- Extracted entries -
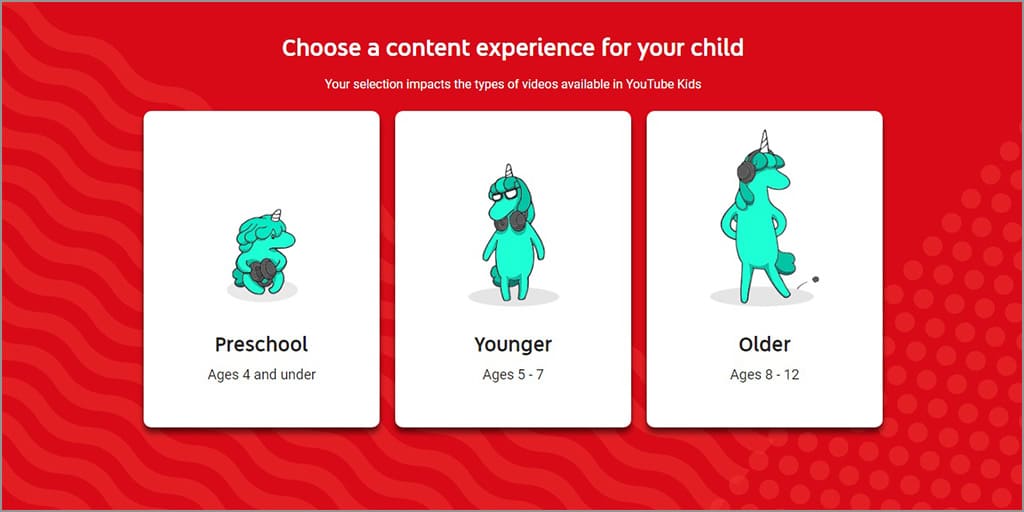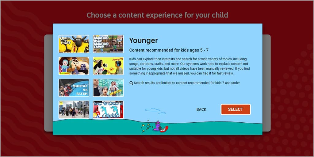 8. Pilih konten anak sesuai umurnya. Pada tutorial kali ini yang dipilih adalah younger.
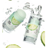 Lo stick è contenuto in un contenitore traslucido ed è arricchito con acido ialuronico e cetriolo, che idratano il viso fino a 48 ore.
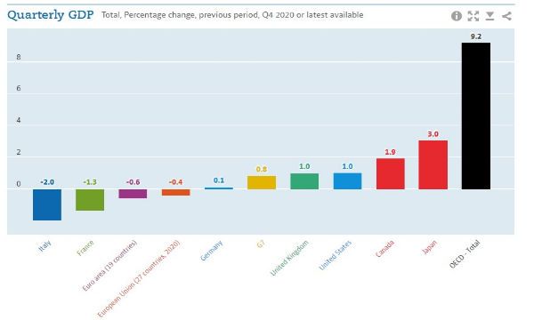 Per le principali sette economie nel complesso, la crescita del PIL è rallentata allo 0,8% nel quarto trimestre del 2020, con andamenti piuttosto divergenti tra i Paesi. Va ricordato che la Cina non fa parte dei Paesi OCSE.
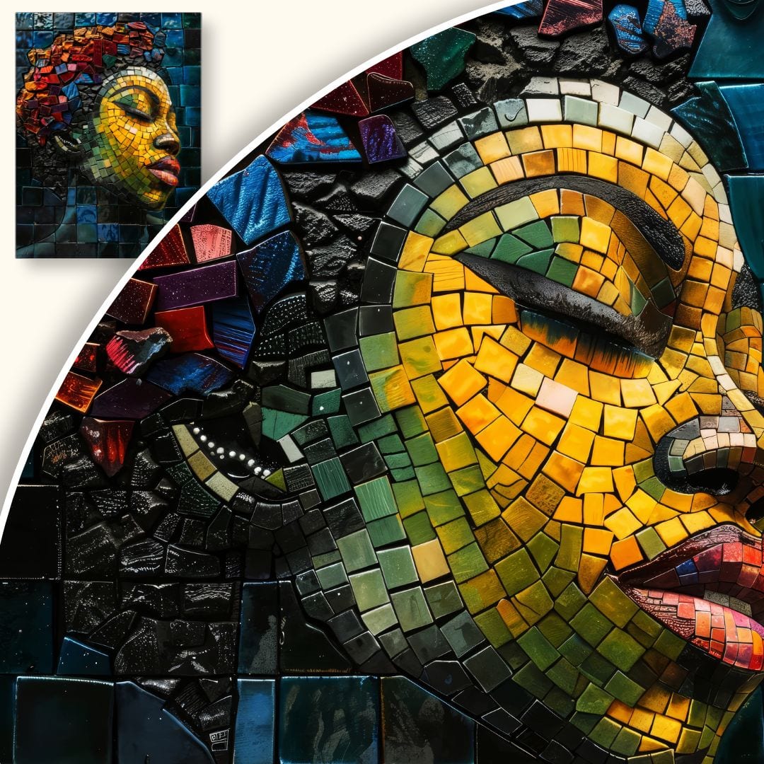 Technika mozaiki, wykorzystywana w tym obrazie, sięga starożytności i była mistrzowsko stosowana choćby w Pompejach czy bizantyjskich świątyniach. Dziś jej nowoczesne interpretacje, tak jak tutaj, dają niezwykłą swobodę artystyczną i oryginalny efekt wizualny – nawiązując do dzieł takich artystów jak Antoni Gaudí, czy współczesna artystka Emma Biggs, znana z ekspresyjnych, barwnych portretów.
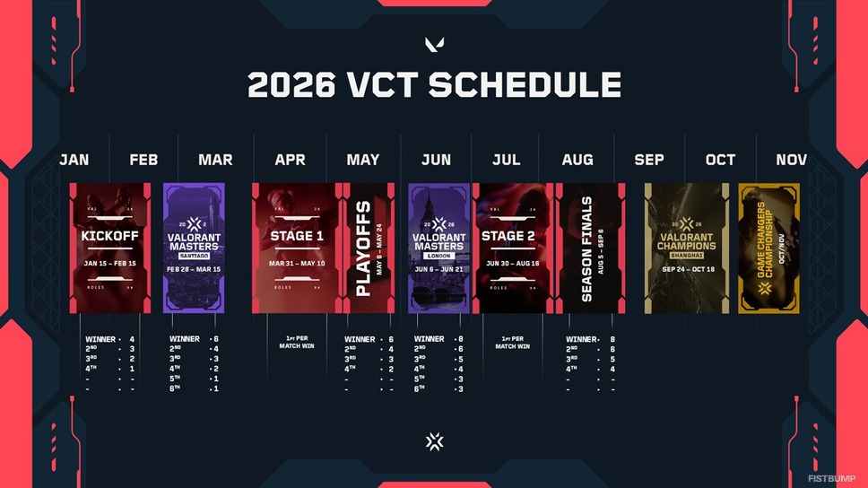 2026年のVCTは、Tier 2シーンの強豪チームがシーズン後半にTier 1の脅威となる可能性を秘めた、オープンなシステムとなります。Mastersサンティアゴ、Mastersロンドンを経て、最終決戦の地「Champions上海」に立つのはどのチームになるのか。1月のKickoffから目が離せません。
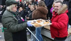Time je bušarski čavo, prepoznatljive trumpovske frizure, u trumpovskom plavom sakou naglašenih ramena i crvenoj kravati, dao znak da krene velika pokladna povorka 32. Bušara, najvećih poklada istočne Hrvatske. Nakon što mu je gradonačelnik Marin Mandarić predao ključeve grada, iz Splitske ulice, preko korza, krenula je bučna i vesela povorke s 36 skupina i 1200 sudionika pod maskama iz cijele RH i Vojvodine.

- Work item -
Could you return all the entries exactly as they appear, minus the pictures?

- Task solution -
 8. Pilih konten anak sesuai umurnya. Pada tutorial kali ini yang dipilih adalah younger.
 Lo stick è contenuto in un contenitore traslucido ed è arricchito con acido ialuronico e cetriolo, che idratano il viso fino a 48 ore.
 Per le principali sette economie nel complesso, la crescita del PIL è rallentata allo 0,8% nel quarto trimestre del 2020, con andamenti piuttosto divergenti tra i Paesi. Va ricordato che la Cina non fa parte dei Paesi OCSE.
 Technika mozaiki, wykorzystywana w tym obrazie, sięga starożytności i była mistrzowsko stosowana choćby w Pompejach czy bizantyjskich świątyniach. Dziś jej nowoczesne interpretacje, tak jak tutaj, dają niezwykłą swobodę artystyczną i oryginalny efekt wizualny – nawiązując do dzieł takich artystów jak Antoni Gaudí, czy współczesna artystka Emma Biggs, znana z ekspresyjnych, barwnych portretów.
 2026年のVCTは、Tier 2シーンの強豪チームがシーズン後半にTier 1の脅威となる可能性を秘めた、オープンなシステムとなります。Mastersサンティアゴ、Mastersロンドンを経て、最終決戦の地「Champions上海」に立つのはどのチームになるのか。1月のKickoffから目が離せません。
Time je bušarski čavo, prepoznatljive trumpovske frizure, u trumpovskom plavom sakou naglašenih ramena i crvenoj kravati, dao znak da krene velika pokladna povorka 32. Bušara, najvećih poklada istočne Hrvatske. Nakon što mu je gradonačelnik Marin Mandarić predao ključeve grada, iz Splitske ulice, preko korza, krenula je bučna i vesela povorke s 36 skupina i 1200 sudionika pod maskama iz cijele RH i Vojvodine.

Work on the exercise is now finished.